Data provided Block Start

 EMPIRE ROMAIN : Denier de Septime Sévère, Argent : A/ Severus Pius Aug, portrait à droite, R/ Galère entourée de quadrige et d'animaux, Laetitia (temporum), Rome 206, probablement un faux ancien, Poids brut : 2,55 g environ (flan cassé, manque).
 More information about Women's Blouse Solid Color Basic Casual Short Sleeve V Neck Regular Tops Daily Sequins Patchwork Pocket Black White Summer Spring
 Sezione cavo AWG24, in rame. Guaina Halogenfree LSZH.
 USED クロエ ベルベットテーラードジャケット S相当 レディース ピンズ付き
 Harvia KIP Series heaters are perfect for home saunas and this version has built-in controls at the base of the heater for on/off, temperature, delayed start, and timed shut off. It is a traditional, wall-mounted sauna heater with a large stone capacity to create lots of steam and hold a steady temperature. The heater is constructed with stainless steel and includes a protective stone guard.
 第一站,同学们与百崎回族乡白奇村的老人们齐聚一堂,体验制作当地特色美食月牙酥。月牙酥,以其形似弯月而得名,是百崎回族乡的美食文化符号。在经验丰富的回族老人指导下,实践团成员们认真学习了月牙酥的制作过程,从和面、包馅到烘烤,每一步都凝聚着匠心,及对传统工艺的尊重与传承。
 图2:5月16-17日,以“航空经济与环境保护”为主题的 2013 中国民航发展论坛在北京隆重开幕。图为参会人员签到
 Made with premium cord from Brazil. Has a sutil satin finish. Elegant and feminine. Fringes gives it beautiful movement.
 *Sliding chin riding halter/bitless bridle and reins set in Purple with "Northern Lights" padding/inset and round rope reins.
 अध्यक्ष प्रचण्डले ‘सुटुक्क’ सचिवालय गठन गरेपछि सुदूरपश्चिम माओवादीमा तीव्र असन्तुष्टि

Data provided Block End

**Problem requirements:**
Starting at the line above that contains "第一站,同学们与百崎回族乡白", write out each line exactly until the line that contains "Made with premium" has been written, and stop there.

**Response box:**
 第一站,同学们与百崎回族乡白奇村的老人们齐聚一堂,体验制作当地特色美食月牙酥。月牙酥,以其形似弯月而得名,是百崎回族乡的美食文化符号。在经验丰富的回族老人指导下,实践团成员们认真学习了月牙酥的制作过程,从和面、包馅到烘烤,每一步都凝聚着匠心,及对传统工艺的尊重与传承。
 图2:5月16-17日,以“航空经济与环境保护”为主题的 2013 中国民航发展论坛在北京隆重开幕。图为参会人员签到
 Made with premium cord from Brazil. Has a sutil satin finish. Elegant and feminine. Fringes gives it beautiful movement.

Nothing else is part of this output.